Investigating dental structure response to air abrasion: a finite element analysis

Air abrasion particles, propelled by a compressed air stream, remove material from the tooth’s surface. The air abrasion parameter plays an important role in removing the strains or plaque from the teeth. The research outcomes shed light on the stress distribution within dental structures using the finite element approach. Enamel, as the hardest and outermost layer of the tooth, consistently bears the highest stress levels during air abrasion procedures, regardless of whether the impact pressure is set at 80 or 100 psi. While enamel takes the initial force, it gradually transfers these forces to the dentin layer beneath, a denser but slightly less hard tissue.
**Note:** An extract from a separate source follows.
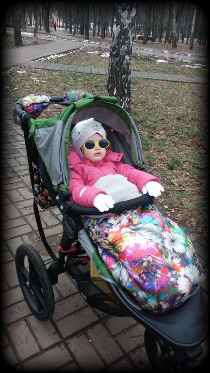 Моя королевна, на улице впадает в лень и вообще отказывается вылазить из-под теплого футика, еще и закрывает кап, если вдруг солнце или просто хочет уединения. А т.к. спокойные возлежания у нас с рождения только в едущей коляске, маме активная ходьба обеспечена))).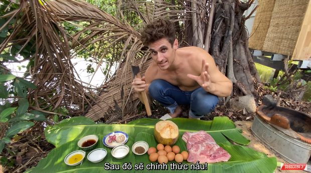Như một người dân bản địa, Dustin chuẩn bị đầy đủ nguyên liệu cho món thịt kho trứng, bao gồm: 2 kg thịt lợn, trứng gà, nước dừa cùng các loại gia vị. Đặc biệt, anh chàng không thái thịt bằng dao mà đã "chơi lớn" dùng ngay cây rìu mới mua để làm. Pha test hàng mới có vẻ không vui cho lắm khi anh nhìn thấy những vết nứt trên chiếc thớt gỗ.

For abrasive particles falling within the 40 μm to 100 μm size range, an impact pressure of 80 psi is found to strike an optimal balance between effective material removal and minimizing damage to dental structures. However, when working with larger particles exceeding 100 μm, increasing the impact pressure to 100 psi becomes preferable to maintain efficiency and precision. The results of this research provide valuable guidance for enhancing dental procedures with a strong focus on patient safety and the maintenance of dental health. It underscores the importance of thoughtfully adjusting parameters like particle size and impact pressure to attain favourable treatment results while prioritizing the health and comfort of patients.